Dear Members of our Community,

In September of 2017, the English Department published a statement to our students in which we condemned the neo-Nazi rhetoric and violence on display in Charlottesville earlier that summer. We still denounce white supremacy and the overt and insidious ways it operates, on our own campus and throughout the United States. This includes state-sanctioned white supremacist police violence, the deadly consequences of which resulted in the recent killings of Breonna Taylor, Manuel Ellis, Tony McDade, and George Floyd. The alarming frequency of these murders—to say nothing of the gross lack of accountability—must end. The clear inequities experienced by members of underrepresented and vulnerable groups, which are deliberate in a world organized by white supremacy, must end. The stakes are too dear to wait any longer. The current protests around the US and the globe show that we are not alone in this call for a more just world.

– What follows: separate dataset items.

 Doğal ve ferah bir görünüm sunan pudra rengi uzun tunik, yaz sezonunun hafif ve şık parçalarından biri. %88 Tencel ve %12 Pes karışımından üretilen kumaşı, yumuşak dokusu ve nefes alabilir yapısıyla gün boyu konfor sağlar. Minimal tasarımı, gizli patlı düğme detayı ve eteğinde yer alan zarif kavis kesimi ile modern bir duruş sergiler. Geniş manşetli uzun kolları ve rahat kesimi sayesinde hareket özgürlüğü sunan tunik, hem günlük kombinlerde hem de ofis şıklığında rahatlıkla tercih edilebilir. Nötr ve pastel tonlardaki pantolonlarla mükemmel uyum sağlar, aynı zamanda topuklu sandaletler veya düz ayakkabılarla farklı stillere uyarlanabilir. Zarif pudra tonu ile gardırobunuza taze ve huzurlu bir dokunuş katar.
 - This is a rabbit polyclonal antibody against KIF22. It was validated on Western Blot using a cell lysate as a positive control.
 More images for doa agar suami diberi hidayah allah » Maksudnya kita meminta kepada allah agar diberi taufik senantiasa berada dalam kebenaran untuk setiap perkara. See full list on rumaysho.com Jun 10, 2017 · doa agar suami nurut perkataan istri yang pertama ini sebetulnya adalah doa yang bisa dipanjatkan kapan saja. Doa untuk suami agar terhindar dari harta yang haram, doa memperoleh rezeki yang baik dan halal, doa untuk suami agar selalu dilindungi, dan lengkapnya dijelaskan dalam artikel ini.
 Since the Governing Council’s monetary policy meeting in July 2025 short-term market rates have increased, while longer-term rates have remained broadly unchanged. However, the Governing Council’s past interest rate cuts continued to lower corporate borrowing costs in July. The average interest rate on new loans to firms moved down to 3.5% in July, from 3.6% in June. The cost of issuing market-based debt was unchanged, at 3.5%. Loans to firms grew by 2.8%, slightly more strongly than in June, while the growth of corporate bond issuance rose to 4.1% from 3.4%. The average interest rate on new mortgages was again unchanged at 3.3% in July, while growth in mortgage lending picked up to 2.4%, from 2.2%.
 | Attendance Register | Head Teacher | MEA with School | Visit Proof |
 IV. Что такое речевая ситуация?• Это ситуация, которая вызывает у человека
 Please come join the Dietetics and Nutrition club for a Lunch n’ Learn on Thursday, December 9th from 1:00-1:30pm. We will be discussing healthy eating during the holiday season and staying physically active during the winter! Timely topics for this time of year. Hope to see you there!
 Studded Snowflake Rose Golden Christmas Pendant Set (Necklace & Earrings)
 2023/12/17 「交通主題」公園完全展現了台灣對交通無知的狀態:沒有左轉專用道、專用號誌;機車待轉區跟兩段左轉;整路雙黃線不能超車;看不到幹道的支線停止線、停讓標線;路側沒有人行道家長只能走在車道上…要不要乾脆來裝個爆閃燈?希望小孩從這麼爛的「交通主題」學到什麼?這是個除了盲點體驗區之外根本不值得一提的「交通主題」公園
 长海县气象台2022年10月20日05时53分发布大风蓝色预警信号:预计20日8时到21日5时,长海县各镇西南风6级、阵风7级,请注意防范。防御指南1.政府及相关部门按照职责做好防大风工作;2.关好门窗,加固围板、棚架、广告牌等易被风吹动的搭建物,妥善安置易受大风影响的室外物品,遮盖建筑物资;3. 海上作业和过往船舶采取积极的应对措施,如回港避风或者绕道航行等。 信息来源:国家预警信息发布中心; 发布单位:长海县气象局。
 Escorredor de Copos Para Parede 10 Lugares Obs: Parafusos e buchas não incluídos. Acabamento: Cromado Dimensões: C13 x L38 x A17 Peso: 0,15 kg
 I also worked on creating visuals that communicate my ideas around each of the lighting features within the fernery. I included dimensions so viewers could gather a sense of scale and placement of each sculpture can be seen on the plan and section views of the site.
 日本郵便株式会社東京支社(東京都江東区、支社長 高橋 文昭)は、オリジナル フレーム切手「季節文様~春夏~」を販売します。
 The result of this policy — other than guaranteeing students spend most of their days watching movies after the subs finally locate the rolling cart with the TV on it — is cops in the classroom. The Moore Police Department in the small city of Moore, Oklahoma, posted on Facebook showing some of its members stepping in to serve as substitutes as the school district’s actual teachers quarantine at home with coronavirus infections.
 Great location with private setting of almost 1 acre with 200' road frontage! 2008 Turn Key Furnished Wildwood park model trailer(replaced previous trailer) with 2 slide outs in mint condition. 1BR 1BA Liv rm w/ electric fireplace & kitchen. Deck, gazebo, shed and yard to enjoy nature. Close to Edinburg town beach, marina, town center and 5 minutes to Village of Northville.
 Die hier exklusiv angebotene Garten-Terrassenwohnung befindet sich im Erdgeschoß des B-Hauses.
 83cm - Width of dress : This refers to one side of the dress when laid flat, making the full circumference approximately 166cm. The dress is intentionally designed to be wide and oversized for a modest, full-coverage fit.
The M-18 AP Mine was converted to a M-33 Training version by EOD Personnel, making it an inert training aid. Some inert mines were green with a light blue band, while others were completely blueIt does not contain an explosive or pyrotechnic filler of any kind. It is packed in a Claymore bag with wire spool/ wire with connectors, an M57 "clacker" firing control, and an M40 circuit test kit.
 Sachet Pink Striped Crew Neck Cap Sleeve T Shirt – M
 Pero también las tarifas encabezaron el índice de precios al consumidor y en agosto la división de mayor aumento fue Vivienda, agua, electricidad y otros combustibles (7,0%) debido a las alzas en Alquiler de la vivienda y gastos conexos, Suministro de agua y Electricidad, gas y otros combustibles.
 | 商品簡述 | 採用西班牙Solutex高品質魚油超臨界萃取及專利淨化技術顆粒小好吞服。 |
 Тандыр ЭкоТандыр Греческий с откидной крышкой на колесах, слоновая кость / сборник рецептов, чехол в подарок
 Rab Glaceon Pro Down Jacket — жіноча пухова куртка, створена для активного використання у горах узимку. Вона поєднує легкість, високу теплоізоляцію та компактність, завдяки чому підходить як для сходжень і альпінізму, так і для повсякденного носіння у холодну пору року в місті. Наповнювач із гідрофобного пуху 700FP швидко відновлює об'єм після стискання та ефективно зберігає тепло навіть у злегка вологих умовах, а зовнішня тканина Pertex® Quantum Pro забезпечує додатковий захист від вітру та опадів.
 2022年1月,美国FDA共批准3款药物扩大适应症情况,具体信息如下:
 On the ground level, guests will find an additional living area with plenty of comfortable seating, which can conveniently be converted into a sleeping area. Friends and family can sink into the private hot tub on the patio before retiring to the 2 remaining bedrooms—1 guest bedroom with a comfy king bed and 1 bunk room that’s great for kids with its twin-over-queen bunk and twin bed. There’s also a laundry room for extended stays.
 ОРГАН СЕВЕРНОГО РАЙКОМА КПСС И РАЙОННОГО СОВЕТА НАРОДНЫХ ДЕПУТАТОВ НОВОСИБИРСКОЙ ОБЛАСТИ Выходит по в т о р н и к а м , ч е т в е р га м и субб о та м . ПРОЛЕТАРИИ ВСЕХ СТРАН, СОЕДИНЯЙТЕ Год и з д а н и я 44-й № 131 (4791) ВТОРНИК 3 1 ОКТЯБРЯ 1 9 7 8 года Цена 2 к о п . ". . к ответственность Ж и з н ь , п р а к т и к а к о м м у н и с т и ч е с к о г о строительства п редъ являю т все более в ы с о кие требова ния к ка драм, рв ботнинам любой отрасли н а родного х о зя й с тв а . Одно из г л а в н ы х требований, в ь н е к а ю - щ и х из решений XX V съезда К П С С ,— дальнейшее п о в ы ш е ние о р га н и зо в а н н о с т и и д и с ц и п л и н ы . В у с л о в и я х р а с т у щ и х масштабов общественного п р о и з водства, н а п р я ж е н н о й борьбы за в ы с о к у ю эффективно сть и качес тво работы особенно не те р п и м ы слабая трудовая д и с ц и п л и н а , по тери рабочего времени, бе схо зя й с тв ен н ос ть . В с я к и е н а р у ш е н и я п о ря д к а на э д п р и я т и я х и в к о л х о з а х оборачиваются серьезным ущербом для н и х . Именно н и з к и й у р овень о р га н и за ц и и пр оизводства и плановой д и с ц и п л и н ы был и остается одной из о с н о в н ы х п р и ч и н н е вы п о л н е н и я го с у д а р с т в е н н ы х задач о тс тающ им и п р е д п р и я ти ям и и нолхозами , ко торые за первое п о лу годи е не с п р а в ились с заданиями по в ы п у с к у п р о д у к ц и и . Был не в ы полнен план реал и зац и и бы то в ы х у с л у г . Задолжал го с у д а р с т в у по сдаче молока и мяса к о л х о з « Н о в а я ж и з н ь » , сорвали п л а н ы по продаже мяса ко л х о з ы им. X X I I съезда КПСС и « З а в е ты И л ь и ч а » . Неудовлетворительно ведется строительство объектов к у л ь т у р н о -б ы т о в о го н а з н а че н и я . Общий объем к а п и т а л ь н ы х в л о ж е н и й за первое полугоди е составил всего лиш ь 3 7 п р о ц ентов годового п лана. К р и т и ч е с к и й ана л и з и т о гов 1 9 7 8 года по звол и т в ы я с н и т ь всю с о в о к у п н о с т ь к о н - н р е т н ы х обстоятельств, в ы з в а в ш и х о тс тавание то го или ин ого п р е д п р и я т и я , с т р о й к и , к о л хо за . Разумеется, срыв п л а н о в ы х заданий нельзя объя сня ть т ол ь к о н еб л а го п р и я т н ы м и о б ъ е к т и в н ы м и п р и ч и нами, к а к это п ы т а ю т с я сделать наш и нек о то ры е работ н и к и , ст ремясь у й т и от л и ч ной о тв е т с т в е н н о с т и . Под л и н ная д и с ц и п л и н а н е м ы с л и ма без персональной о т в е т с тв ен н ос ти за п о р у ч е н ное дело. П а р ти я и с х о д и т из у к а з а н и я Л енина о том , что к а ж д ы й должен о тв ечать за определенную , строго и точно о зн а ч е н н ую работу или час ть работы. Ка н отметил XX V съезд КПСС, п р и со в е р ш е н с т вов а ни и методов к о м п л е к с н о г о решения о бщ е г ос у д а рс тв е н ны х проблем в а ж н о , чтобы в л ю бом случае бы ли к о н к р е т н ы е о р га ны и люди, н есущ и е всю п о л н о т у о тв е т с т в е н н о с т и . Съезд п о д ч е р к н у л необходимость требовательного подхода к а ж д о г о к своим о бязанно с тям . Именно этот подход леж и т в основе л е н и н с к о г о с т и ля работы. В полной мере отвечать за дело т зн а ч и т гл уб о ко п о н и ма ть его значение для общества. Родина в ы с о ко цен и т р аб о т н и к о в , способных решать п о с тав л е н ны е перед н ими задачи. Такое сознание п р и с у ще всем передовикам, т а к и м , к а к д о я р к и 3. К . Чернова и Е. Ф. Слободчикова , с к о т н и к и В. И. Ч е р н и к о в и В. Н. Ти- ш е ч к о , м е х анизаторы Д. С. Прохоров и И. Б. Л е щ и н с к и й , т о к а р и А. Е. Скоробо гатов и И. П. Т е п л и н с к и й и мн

As educators, we are responsible for curating and protecting spaces of learning. As such, we have a responsibility to eradicate racism and prejudice from such spaces. We encourage our students to understand the world as a consequence of violent histories of race and racism, of slavery, of settler colonialism, and of prejudice on the basis of color, nation, custom, religion, gender, sexuality, and ability. In short, we challenge them to consider the many forms that policing can take. As literary critics and creative writers, we know that language holds the potential for disrupting racist ideologies, but we should not ignore the threat that language and hateful rhetoric pose in perpetuating racist systems and beliefs. We teach our students to be careful readers, to be thoughtful in their critiques, and to recognize the impact that they can have on their world.

We affirm the moral bare minimum: Black lives matter. But such an affirmation must only be the beginning of a more thorough process of dismantling the systems of oppression. We recognize and support those who take stands against racial injustice and demand another world. This includes protesters, of course, but also those who engage in the quotidian, unglamorous work of organizing, of providing care for the marginalized, of holding things together while so many go on about their lives. Indeed, care-work holds great potential to imagine a way forward. All of us will need to play roles in bringing forth a new world, but we honor those who have risked everything to show the way.

When we teach writing, we often tell our students that a conclusion is an excellent place to imagine what comes next. And in crafting this statement, we aim for it to be backed by action and for it to outline our next steps. Because lasting change arises only from group efforts, we wish to recognize and to support the work being done by members of our Lexington community, the greater Rockbridge area, and the state of Virginia.

To that end, we have collected more than $1000 for the Rockbridge County NAACP and their recently launched Irma Thompson Educators of Color Initiative. This decision is motivated by our wish to aid people who are already engaged in our community, have assessed a need, and have facilitated a response. Established in 2020, the Irma Thompson Initiative assists teachers, counselors, school psychologists and administrators of color with moving expenses, housing, or other job-related expenditures. It is offered as part of a broader effort to help recruit and support educators of color moving to the area, and to promote diversity in the county and cities’ schools.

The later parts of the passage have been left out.